“Oh, the awful misery of it all,” said Goddard between his teeth.

“I am sorry,” said Lady Phayre in a low voice, “sorry to my inmost heart; but I am sorrier for you.”

“Ah! you mustn’t say that,” cried Goddard passionately. “Think—you couldn’t mean it. It would be inhuman!”

“It is only too human,” murmured Lady Phayre.

He was about to speak, when the maid-servant announced that the supper was ready; so, instead of replying to Lady Phayre’s murmur, he remained silently wondering.

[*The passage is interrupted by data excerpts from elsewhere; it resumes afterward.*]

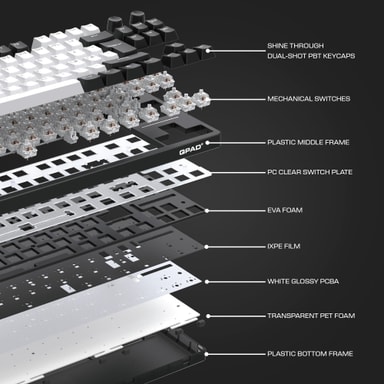 Tastaturet kan prale af en 80% kompakt formfaktor uden taster, hvilket sparer plads på skrivebordet og giver mere plads til musebevægelse. Det inkluderer flere lag skum mellem printpladen og pladen for at absorbere uønsket resonans og forbedre den samlede lyd af tastetryk. De skinnende PBT-taster, der er kendt for deres modstandsdygtighed over for skinnende tekst og slid over tid, sikrer, at teksten forbliver tydelig.
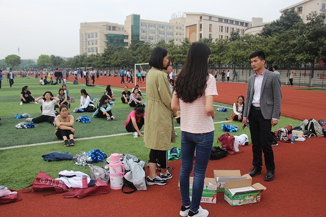 4月22日,我院团总支书记孙太红老师为健美操队员送去食物补给,向教练了解训练进度,并与健美操队员们亲切交谈。
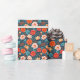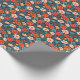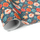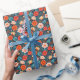 Korallröd, rosafärgad och himmelblå blommor på en midnattsblå bakgrund gör ett ljust och vackert presentpapper för alla tillfällen.
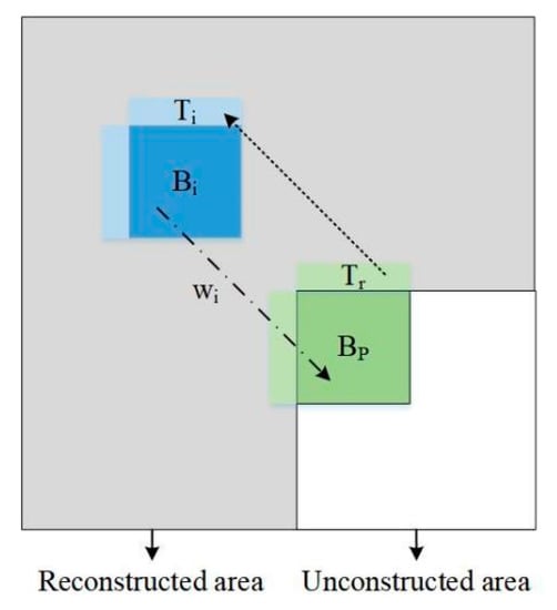 Usually, high correlation and similar textures are prevalent with blocks, and the TMP algorithm can find candidate blocks with the least errors in the reconstructed area to better predict the region with similar textures. Since it searches and compares pixel by pixel, it usually performs well for blocks with similar textures. The process of template matching is shown in Figure 3, in which is the reference template and is the candidate template. is the block to be predicted and is the corresponding prediction block of . is the corresponding weighting factor of the candidate block. First, we find the candidate blocks through in the reconstructed area, and then is utilized to obtain .
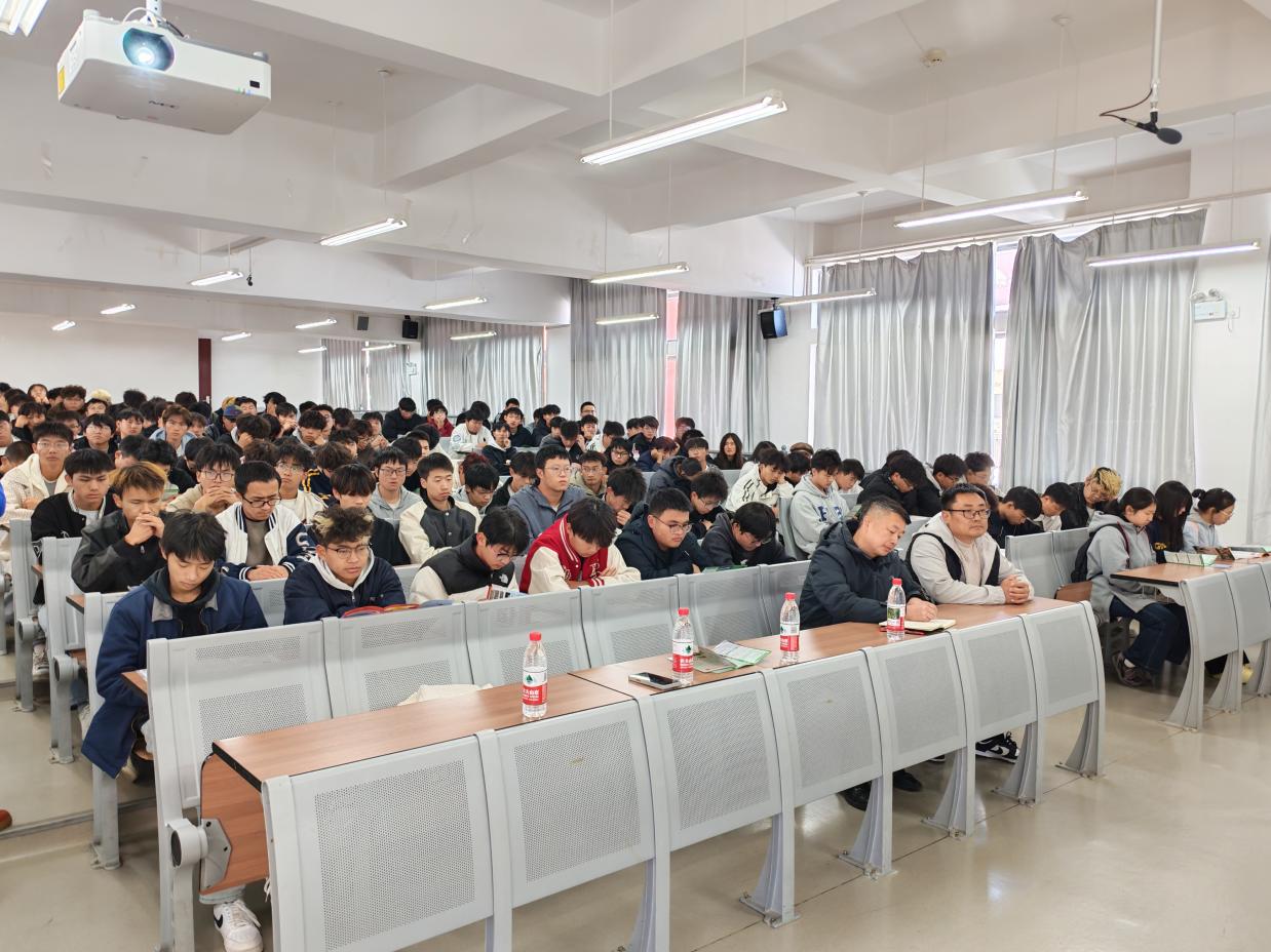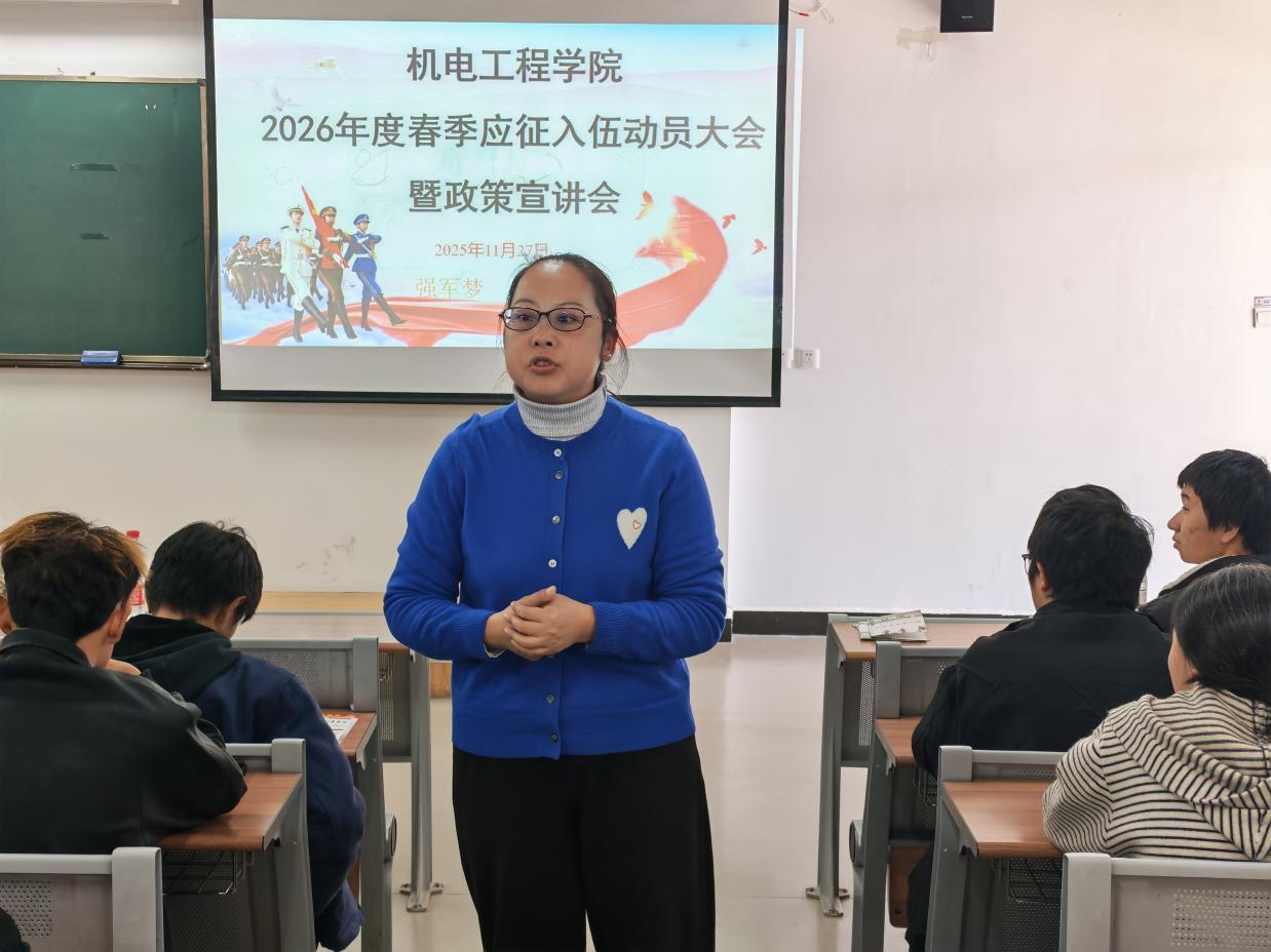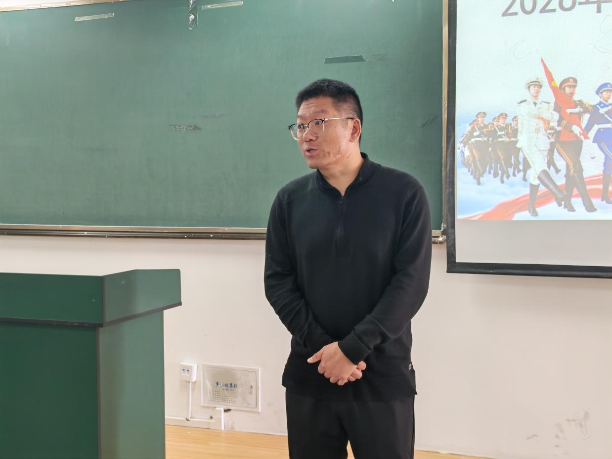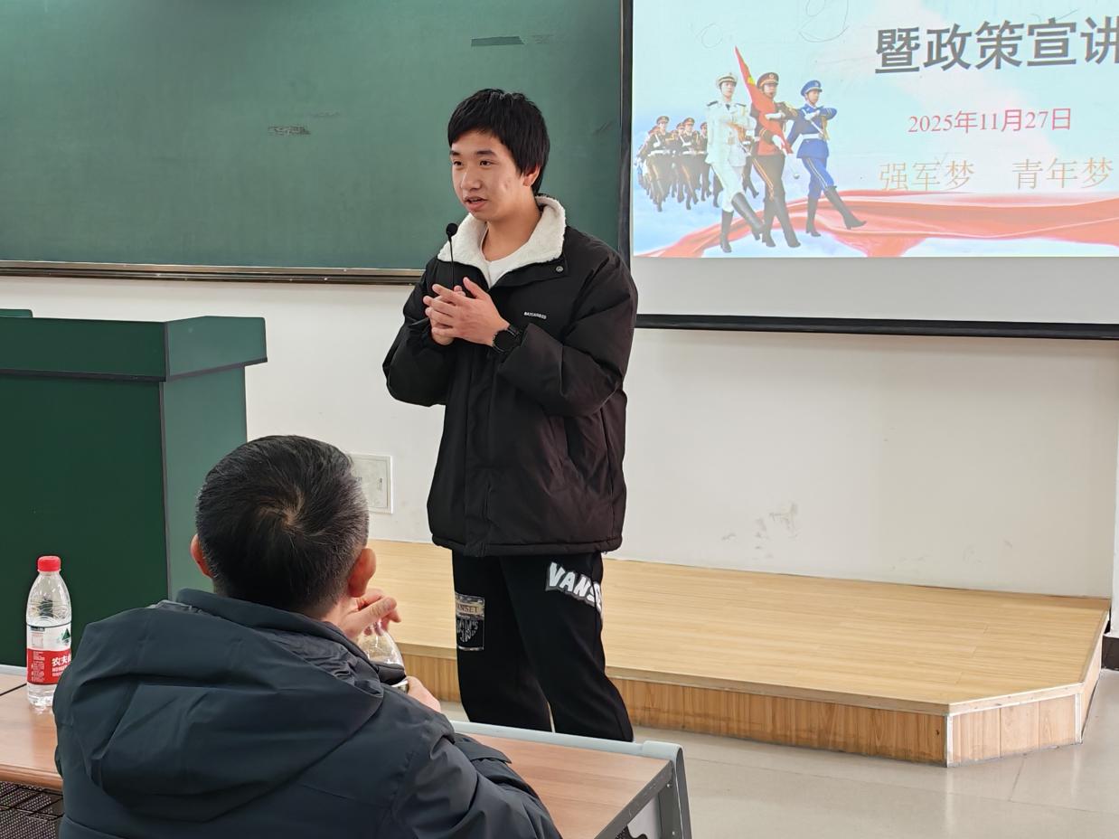 11月27日下午,今年会2026年度春季应征入伍动员大会暨政策宣讲会在崇实楼602教室举行。学校武装部副部长丁治祥、武装部干事曹江涛、学院党委书记张颖、副书记李振、学院征兵工作专员张文文出席会议,2024级、2025级学生参会。

She led the way into the dining-room, where a dainty but substantial meal was spread—a piece of salmon with crisp salad, a truffled pie, a cold fruit-tart. Only one place was laid. It had seemed to Lady Phayre she could give him kinder welcome if she sat by him as he ate than if she went through the formal pretence of joining him at the meal. Then she wondered, in the feminine way, whether he was cognisant of it. The servant uncorked the champagne and retired. Lady Phayre sat down near him, resting her elbow on the table. At first he leaned back in his chair, looked at his plate, then at her.

“I feel too sick at heart to eat. The thought of those poor starving women and children!”

“Your going without food will not fill their mouths, you know,” said Lady Phayre in sympathetic remonstrance.

“I suppose I feel my own personal humiliation too,” he said ungraciously, as if forcing out the admission. “One may as well be honest. It’s the biggest thing I’ve set my hand to as yet, with everything depending upon it. And to have to throw it up when victory was staring one in the face! It is maddening!”

He bent forward impatiently and took up his fork. He laid it on his plate, and turned to Lady Phayre.